RECORD SET →

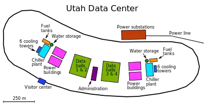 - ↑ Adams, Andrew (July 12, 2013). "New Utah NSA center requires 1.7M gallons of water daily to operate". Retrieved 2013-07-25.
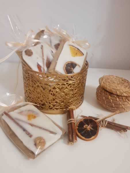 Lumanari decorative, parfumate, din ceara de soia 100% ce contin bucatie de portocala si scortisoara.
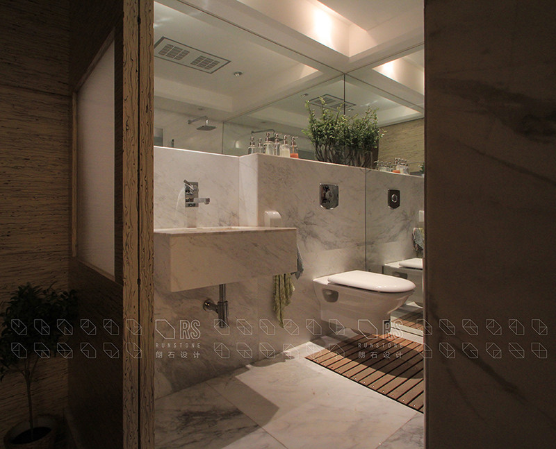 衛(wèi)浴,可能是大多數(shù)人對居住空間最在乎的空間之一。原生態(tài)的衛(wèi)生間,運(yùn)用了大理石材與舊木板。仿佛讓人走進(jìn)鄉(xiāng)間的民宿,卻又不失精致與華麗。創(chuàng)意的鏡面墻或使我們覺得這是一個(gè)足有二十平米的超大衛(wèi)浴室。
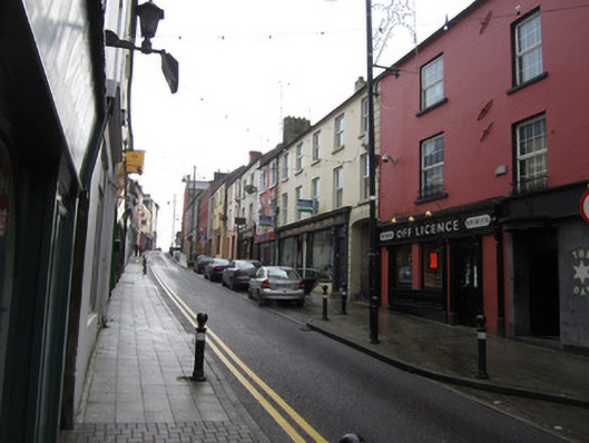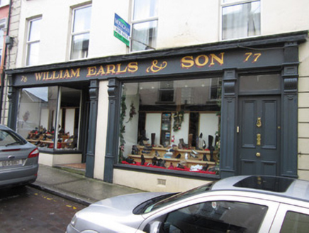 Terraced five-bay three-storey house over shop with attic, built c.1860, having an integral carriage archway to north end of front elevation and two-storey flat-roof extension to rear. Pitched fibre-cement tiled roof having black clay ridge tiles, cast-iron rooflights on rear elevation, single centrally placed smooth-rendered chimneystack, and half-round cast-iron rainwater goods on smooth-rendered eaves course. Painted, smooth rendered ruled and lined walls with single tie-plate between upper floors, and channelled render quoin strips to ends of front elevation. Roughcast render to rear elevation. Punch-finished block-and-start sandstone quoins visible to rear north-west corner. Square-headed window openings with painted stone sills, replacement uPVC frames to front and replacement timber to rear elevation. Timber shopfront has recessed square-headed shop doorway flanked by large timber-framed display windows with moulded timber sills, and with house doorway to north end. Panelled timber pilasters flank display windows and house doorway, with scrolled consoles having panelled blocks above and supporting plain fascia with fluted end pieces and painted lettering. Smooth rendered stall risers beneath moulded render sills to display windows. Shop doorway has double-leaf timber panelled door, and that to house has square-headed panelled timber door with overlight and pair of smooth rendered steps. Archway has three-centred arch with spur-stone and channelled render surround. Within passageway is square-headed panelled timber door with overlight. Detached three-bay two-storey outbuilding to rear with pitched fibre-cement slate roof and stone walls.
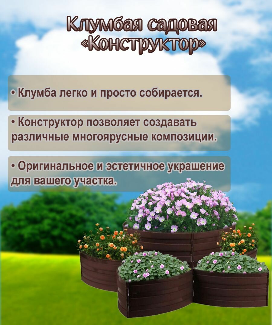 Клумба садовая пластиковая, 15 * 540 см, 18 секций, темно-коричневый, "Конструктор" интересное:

TASK ITEM → Give the listing again word for word. Skip every image.

ANSWER SPACE →
 - ↑ Adams, Andrew (July 12, 2013). "New Utah NSA center requires 1.7M gallons of water daily to operate". Retrieved 2013-07-25.
 Lumanari decorative, parfumate, din ceara de soia 100% ce contin bucatie de portocala si scortisoara.
 衛(wèi)浴,可能是大多數(shù)人對居住空間最在乎的空間之一。原生態(tài)的衛(wèi)生間,運(yùn)用了大理石材與舊木板。仿佛讓人走進(jìn)鄉(xiāng)間的民宿,卻又不失精致與華麗。創(chuàng)意的鏡面墻或使我們覺得這是一個(gè)足有二十平米的超大衛(wèi)浴室。
 Terraced five-bay three-storey house over shop with attic, built c.1860, having an integral carriage archway to north end of front elevation and two-storey flat-roof extension to rear. Pitched fibre-cement tiled roof having black clay ridge tiles, cast-iron rooflights on rear elevation, single centrally placed smooth-rendered chimneystack, and half-round cast-iron rainwater goods on smooth-rendered eaves course. Painted, smooth rendered ruled and lined walls with single tie-plate between upper floors, and channelled render quoin strips to ends of front elevation. Roughcast render to rear elevation. Punch-finished block-and-start sandstone quoins visible to rear north-west corner. Square-headed window openings with painted stone sills, replacement uPVC frames to front and replacement timber to rear elevation. Timber shopfront has recessed square-headed shop doorway flanked by large timber-framed display windows with moulded timber sills, and with house doorway to north end. Panelled timber pilasters flank display windows and house doorway, with scrolled consoles having panelled blocks above and supporting plain fascia with fluted end pieces and painted lettering. Smooth rendered stall risers beneath moulded render sills to display windows. Shop doorway has double-leaf timber panelled door, and that to house has square-headed panelled timber door with overlight and pair of smooth rendered steps. Archway has three-centred arch with spur-stone and channelled render surround. Within passageway is square-headed panelled timber door with overlight. Detached three-bay two-storey outbuilding to rear with pitched fibre-cement slate roof and stone walls.
 Клумба садовая пластиковая, 15 * 540 см, 18 секций, темно-коричневый, "Конструктор" интересное:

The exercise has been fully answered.